Over 250,000 small-scale farmers provide for more than 92 per cent of all the sugarcane production, which directly or indirectly supports six million Kenyans, or roughly 16 per cent of our population.

Now, that’s a key constituency for the country to ignore, or handle casually. Its collapse is likely to significantly and adversely impact on the nation’s economic growth, because the sugar industry accounts for 15 per cent of the agricultural sector’s GDP.

The main miller, Mumias Sugar Company, has over 145,000 shareholders, with the government owning 20 per cent.

The industry has long enjoyed government protection from cheap imports. In 2002, Comesa extended this protection to offer relief to local millers, and to allow the country to undertake key reforms to make the industry competitive.
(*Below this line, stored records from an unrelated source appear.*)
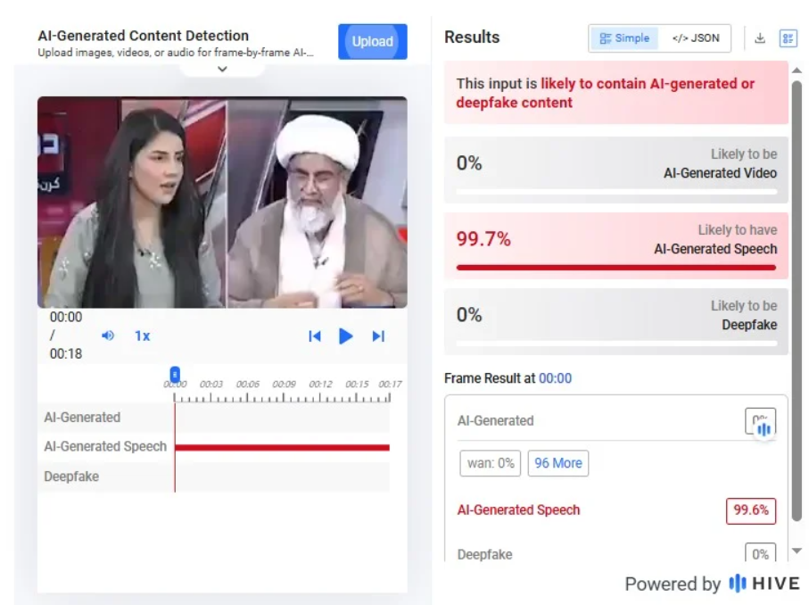 اس کے علاوہ، آرٹیفیشل انٹیلیجنس (AI) مواد کی شناخت کرنے والے پلیٹ فارم ہائیو ماڈریشن (Hive Moderation) نے بھی اس ویڈیو کلپ کو 99.7 فیصد کا مجموعی اسکور دیا ہے، جو اس بات کی تصدیق کرتا ہے کہ یہ مواد مصنوعی ذہانت کے ذریعے تیار کیا گیا ہے۔
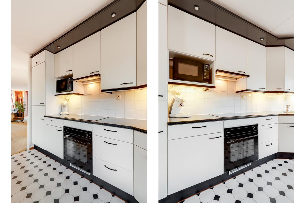 Bij binnenkomst in de hal tref je de garderobe, het toilet, technische ruimte en toegang tot alle vertrekken. Je loopt vanuit de hal door naar de woonkamer. De lichte woonkamer, met toegang tot het balkon, biedt een vrij uitzicht over het omliggende groen, water en Tudorpark. De ruime open keuken sluit mooi aan op de woonruimte en bevindt zich aan de voorzijde van de woning. De keuken is voorzien van een praktische wandopstelling met veel bergruimte. Daarnaast beschikt de keuken over diverse inbouwapparatuur, waaronder een oven, koel-vriescombinatie en afzuigkap.
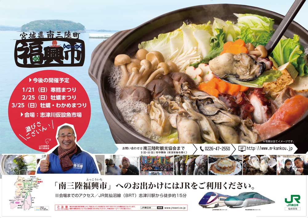 1月25日(木)~27日(日)、JR上野駅にて「宮城産直市」が開催されます。 南三陸... -
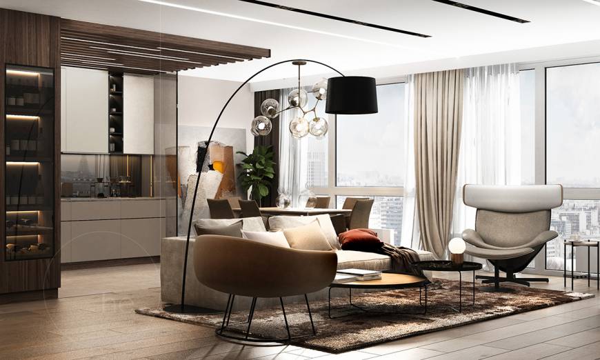 Проект 3-х комнатной квартиры разработан в современном стиле для молодой
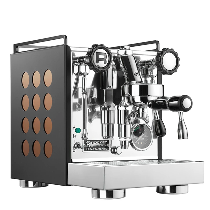 Die Appartamento Siebträgermaschine des Qualitätsherstellers Rocket eignet sich für jeden, der viel Freude an der Zubereitung italienischer Kaffeespezialitäten, dabei jedoch nur wenig Platz in der heimischen Küche hat. Die klassisch gestaltete Maschine fällt durch die runden Ausschnitte an der Seite auf. In der Black Copper Variante sind diese Kupferfarben, sodass sie sich von den schwarzen Außenwänden absetzen und der Maschine ein äußerst edles Design verleihen. Die Front der Siebträgermaschine selbst ist dabei im klassischen Rocket Stil gehalten. Dank der großen Drehventile im Rocket Design, der no-burn-Dampflanze, sowie dem massiven Siebträgerhalter macht die Appartamento einen äußerst professionellen Eindruck. Den letzten Feinschliff des Designs und der Benutzerfreundlichkeit bilden das Kesselmanometer, sowie der Bezugshebel aus Edelstahl.

Since then, Comesa has continued to provide exemption from duty free imports each year as Kenya sought extensions but literally did nothing to comply with the Comesa conditions.

The factories annually produce around 600,000 metric tonnes of sugar, leaving a shortfall of about 200,000 metric tonnes that is imported from Comesa countries.

This is the shortfall that the President wants imported from our largest trading partner, Uganda. Presently, we import less than five per cent from EAC, with 95 per cent coming in from other COMESA countries. Hence, it makes sense to import from Uganda to reduce our trade imbalance.

Our cost of production of sugar is about US$700 per metric tonne, nearly three times the cost in Tanzania, and double the cost in other Comesa countries. Top sugar producing countries harvest their cane ten times before replanting, compared to only twice in Kenya.

Neighbouring Tanzania does five to eight harvests before replanting. The average yield per Ha is 60 metric tonnes compared to over 100 metric tonnes in some top producer countries. The production costs in privately owned millers in Western Kenya averages about two thirds of that of the public owned millers such as Mumias.

Similarly, private millers such as Butali mill about 10 tonnes of cane to produce a tonne of sugar. In the public companies, the ratio is nearly double, translating to significantly higher production costs.

These costs are attributed to mismanagement, capacity underutilization, poor infrastructure and dilapidated mills, among others.

Low cane prices and delays in payment also meant increasingly less acreage under cane. Yet, the Kenya Sugar Board provided loans for cane development; research institutions were to develop varieties with high sucrose content; and farmers organisations and the millers all failed the farmers.

Some of their leaders became illegal sugar importers through Mombasa; a weak KRA increasingly failed to manage in recent years.

By 2012, it was clear that the industry was sinking pretty fast, reporting a combined loss of Sh6 billion. It is not about Uhuru or Uganda; the industry’s 2010-14 strategic plan sold to Comesa was never implemented. And the local leaders are either clueless on the state of the industry, or simply complicit in the contractors’ cartels that continue to fleece the public millers. To save this industry requires a lot more than the political heat fouling our airwaves.